If you have the real estate professional designation, a rental activity is no longer considered “passive.” You can deduct up to 100% of your rental losses against other types of income, such as your wages. For instance, you have a combined net income of $125,000 from your rental property and your wage income. Your net losses from your rental property can reach up to $80,000. You can offset your income with your losses and lower your adjusted gross income (AGI) to $45,000. Meanwhile, a person without a real estate professional designation would still have a taxable income of $125,000.
Bonus Depreciation and Cost Segregation
Bonus depreciation is a tax incentive that allows business owners to deduct a large percentage of the cost of certain assets in the year they were acquired, as opposed to the deduction being spread out over several years. This change in the tax law allows property owners to deduct up to 100% of eligible assets of a qualified investment property.
For instance, you purchase $50,000 worth of new light fixtures and appliances for your commercial property. The entire cost can be depreciated in the same year you bought these assets. Instead of deducting $10,000 annually for five or seven years, you can make a one-time deduction of $50,000.
Cost segregation is utilized by commercial property owners to improve cash flow. It works by accelerating the depreciation of eligible assets and deferring taxes to later years.
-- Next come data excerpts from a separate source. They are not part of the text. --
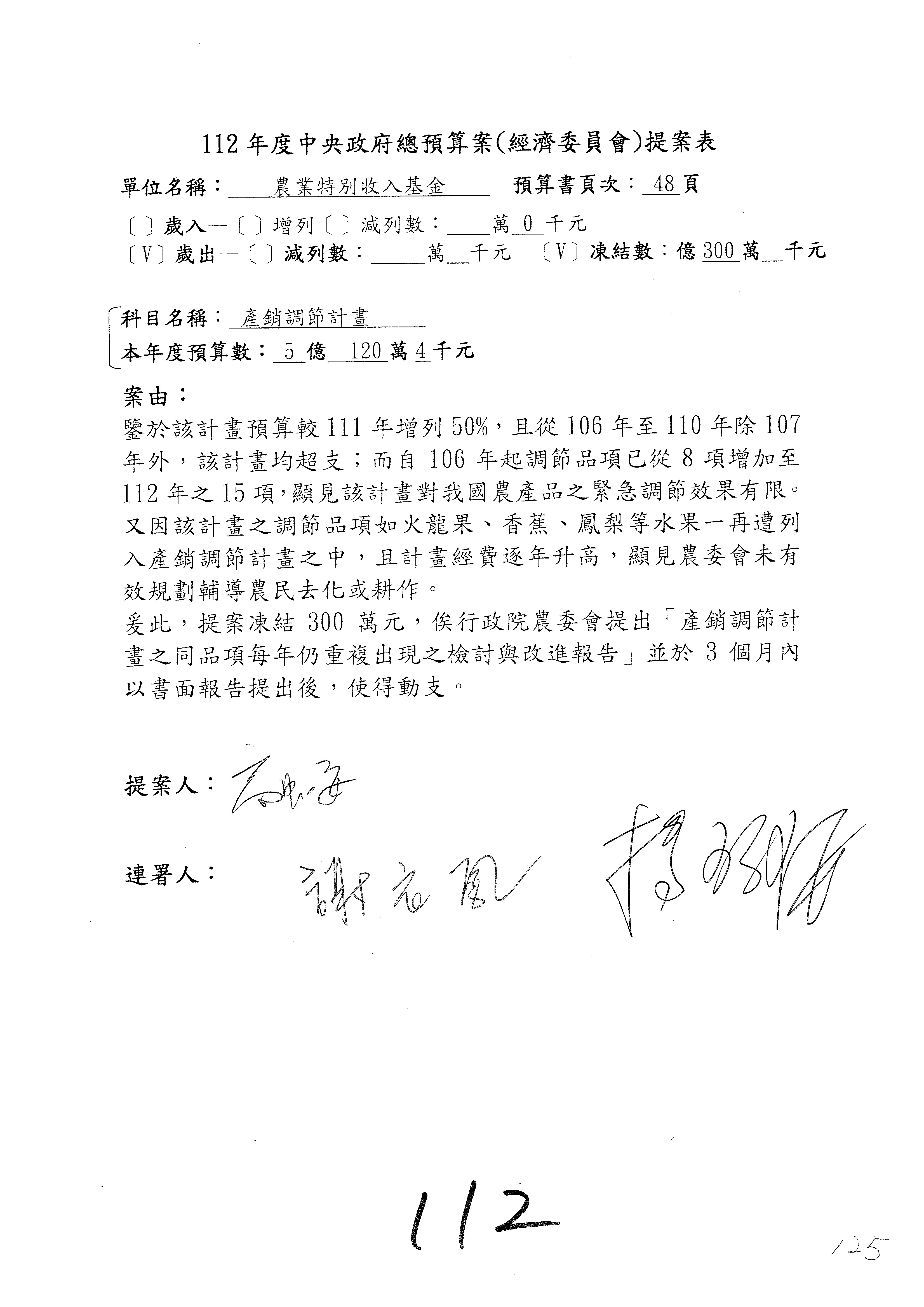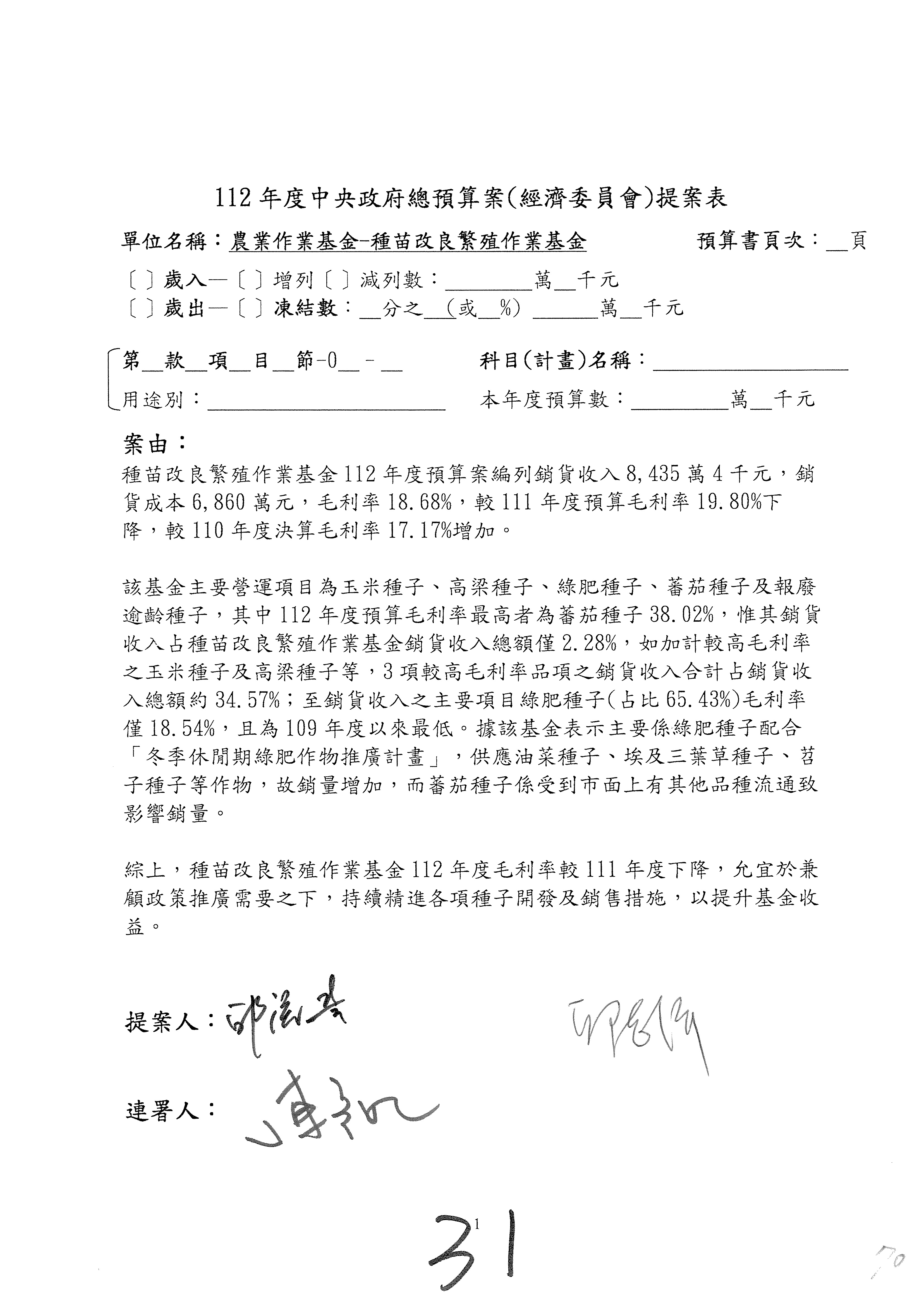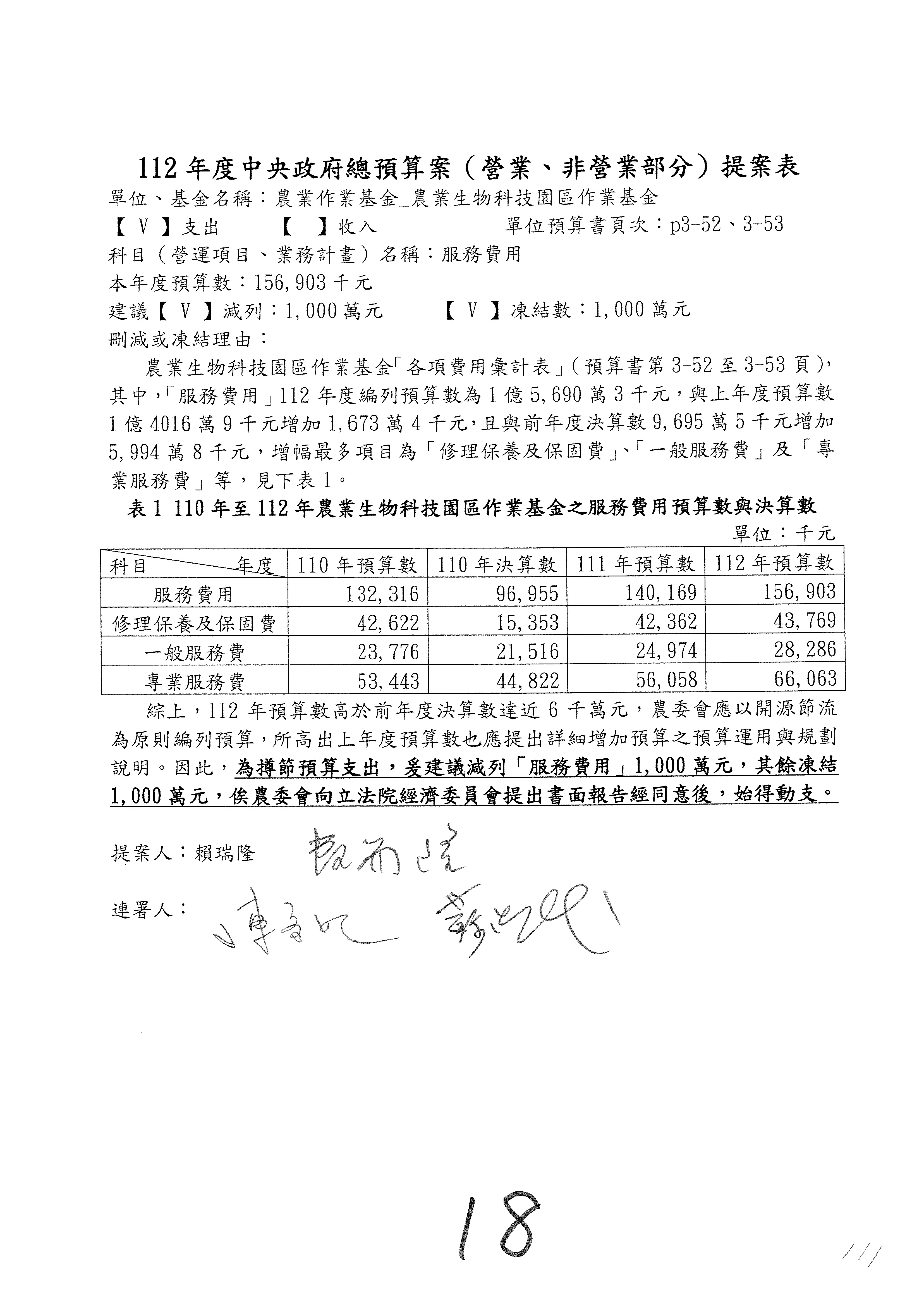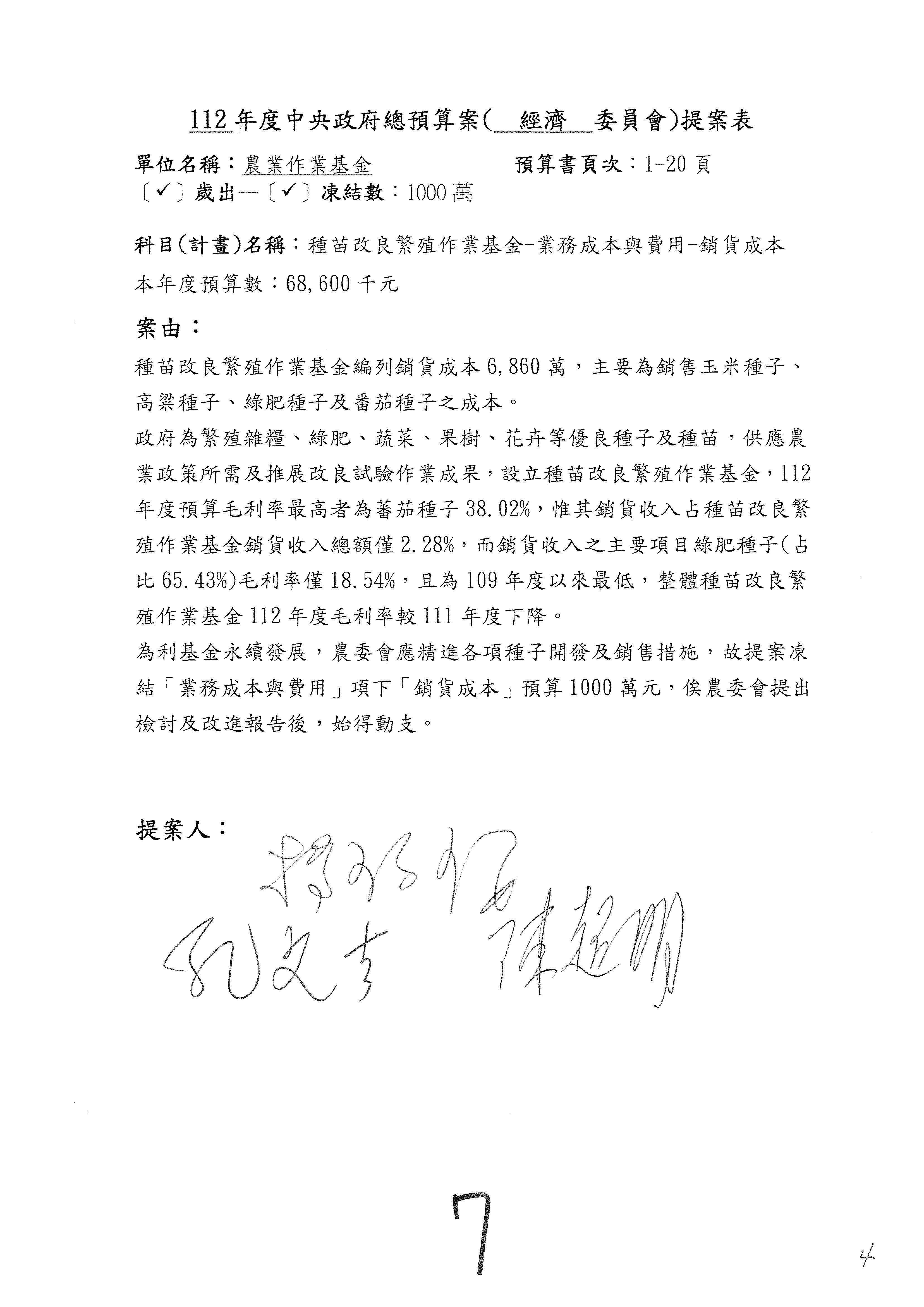 第106案至第112案預算照列,其中第107案、第108案改主決議。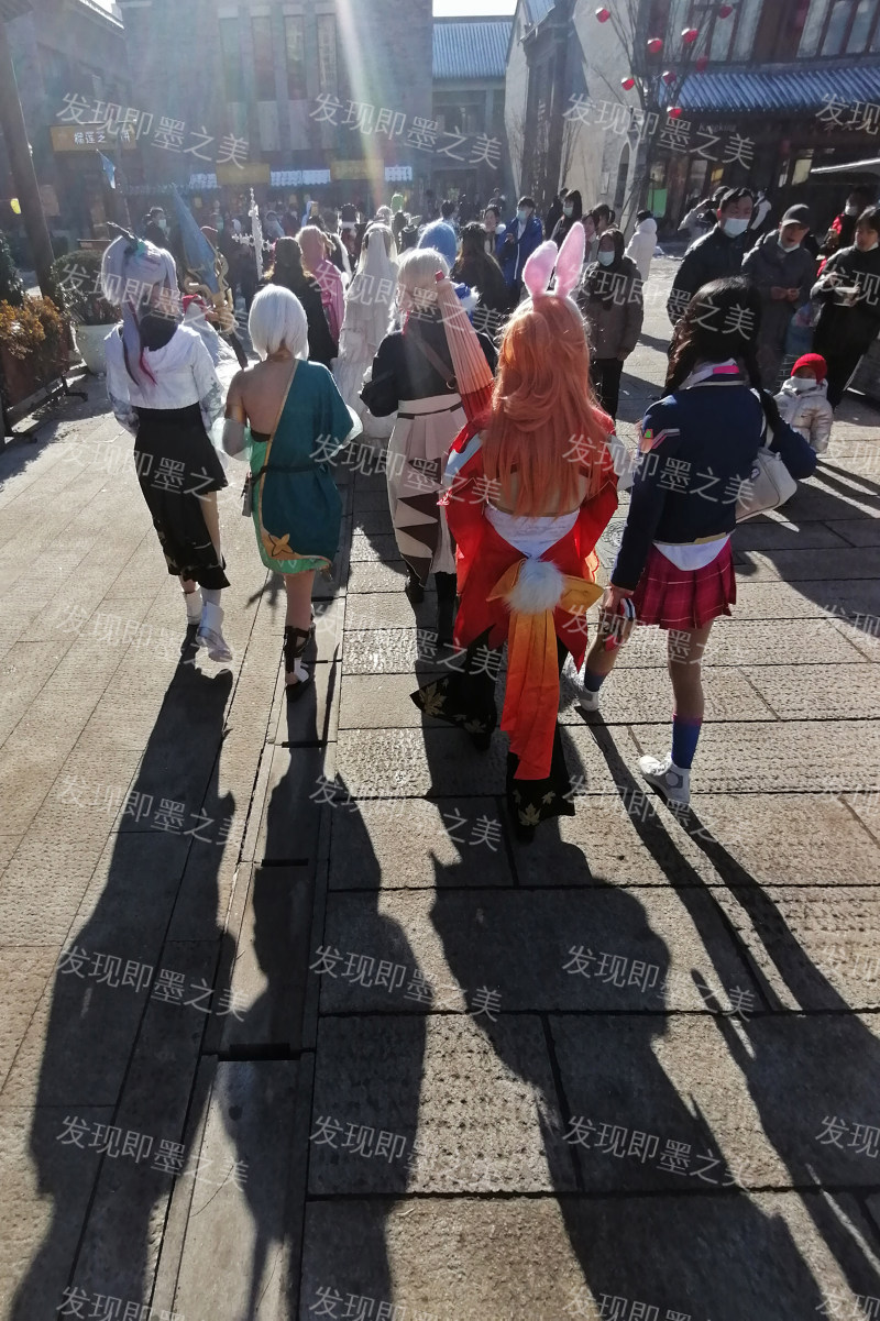 参加文化节巡游的演员行走在古城街道,成为一道靓丽的风景。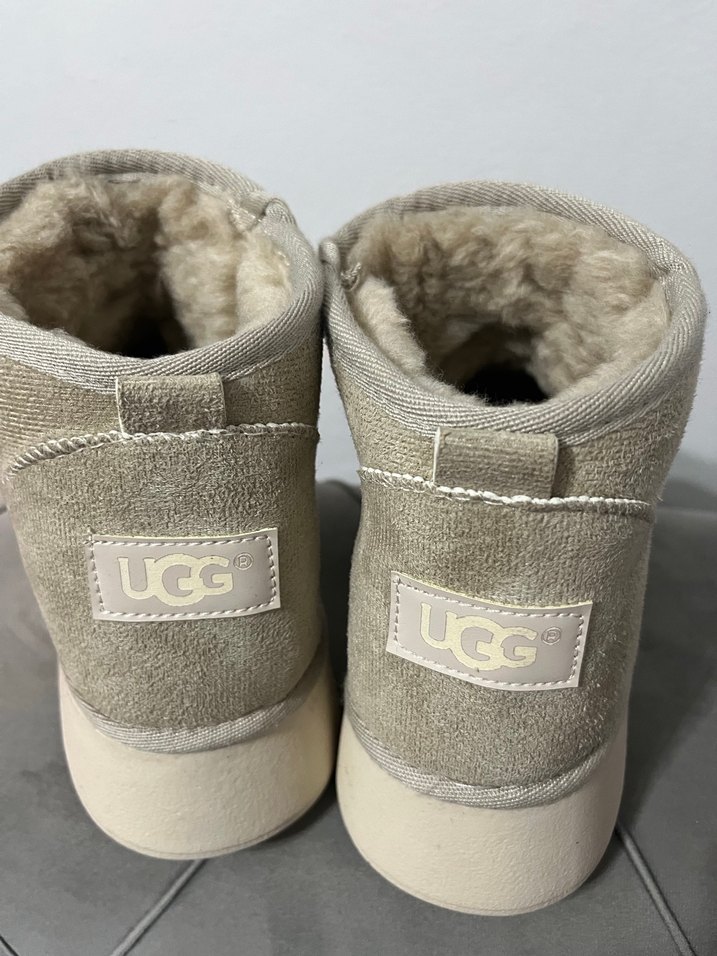 Bej süet, kürklü detaylı kadın botu, dolgu topuklu ve gündelik kullanım için uygun, trend sokak stiline uyumlu.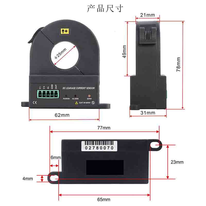 ETCR025KD | ![]() | 量程:0.0mA~100mA DC 精度等级:3.0 工作频率:DC | 50mV/1mA | Ф25mm | 78mm×82mm×31mm | 109g |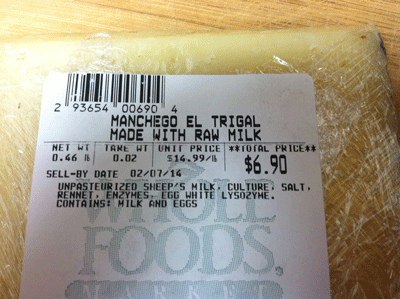 When I was at Whole Foods I also came across some Manchego that was on sale.  Love Manchego because I can actually eat it because it’s made with sheep’s milk vs. cow’s milk.  Lactose intolerant folks can bear it!

A building and associated assets depreciate at different rates. The depreciation period for commercial real estate is 39 years. On the other hand, some assets have shorter depreciation lifespans of 5, 7, and 15 years. Office furniture has a depreciation yearly.
The goal of a cost seg study is to identify and reclassify these assets into the appropriate recovery periods. It allows commercial property owners to legally write them off in the shortest amount of time possible. The benefits are reduced taxable income and improved cash flow.
Tax planning is a must for commercial property owners who wish to improve cash flow and maintain profitability. Apart from the two strategies mentioned, there are many other tools that you can use to realize significant tax benefits. A tax professional can advise you on other methods to lessen your tax burden and boost your earnings.